In case you are planning to install VMware ESXi on a host server, you need to be aware of the VMware ESXi best practices that get the most out of your system. You need to be able to identify the best options regarding the CPU cores and sockets, hyper threading, NUMA mode, Hardware assisted virtualization, power management, cache prefetching and memory scrubbing.
Upgrade that BIOS version
Confirm that you’re running the most recent version of the BIOS released for your system. This is crucial since you don’t want any resolved bugs or new features missing from your system.
VMware ESXi needs Cores and sockets
According to Vmware ESXi best practices, to get the best performance out of your CPU, you need to check that the BIOS is set to enable all processor sockets and to enable all cores in every socket. Also, set “Turbo Boost” within the BIOS if your processors support it.
What about Hyper threading?
To further enhance CPU performance, confirm that hyper-threading is enabled within the BIOS if supported.
Node interleaving aka NUMA mode
Some NUMA-capable systems offer the possibility within the BIOS to deactivate NUMA by activating node Interleaving. According to ESXi best practices, it is best to leave NUMA enabled since you get the most effective performance by deactivating node interleaving.
Hardware assisted virtualization is a common sense
Check that any hardware-assisted virtualization preferences (VT-x, AMD-V, EPT, RVI, so on) are enabled in the BIOS.
Get rid of unused devices
Disable from inside the BIOS any devices you won’t be utilizing, like unnecessary serial, USB, or network ports.
Does VMware ESXi likes cache prefetching?

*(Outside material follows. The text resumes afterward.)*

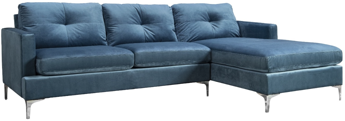 Long-lasting comfort will be yours on high-density foam cushions with pocket coiled springs, atop a sturdy frame. Removable back and seat cushions and soft velvet upholstery in either gray or blue are the perfect finishing touch for the Hamilton, available in left or right chaise configuration.Read More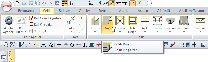 Ribbon menüden Çelik Kiriş ikonunu tıklayın.

Cache prefetching mechanisms (usually known as DPL Prefetch, Hardware Prefetcher, L2 Streaming Prefetch, or Adjacent Cache Line Prefetch) typically aid performance, particularly when access memory patterns are regular. In case you are running applications that access memory at random, however, deactivating these mechanisms may possibly lead to better performance.
VSphere best practices suggest to leave memory scrubbing rate at the default setting if the BIOS permits to be configured.
VMware ESXi can handle power management
Since VSphere embraces full-featured power management capabilities, it is best to set power management within the BIOS to “OS Controlled mode”, however, there are specific cases reported where “Performance Mode” does much better.
VSphere best practices suggest to enable all deeper C-states than C1 (ie C3,C6 etc) in BIOS and use ESXi host power management to control it.
Note that C1E halt state may improve the performance of some single-threaded workloads or decrease performance for workloads that have low CPU utilization and are highly sensitive to I/O latency.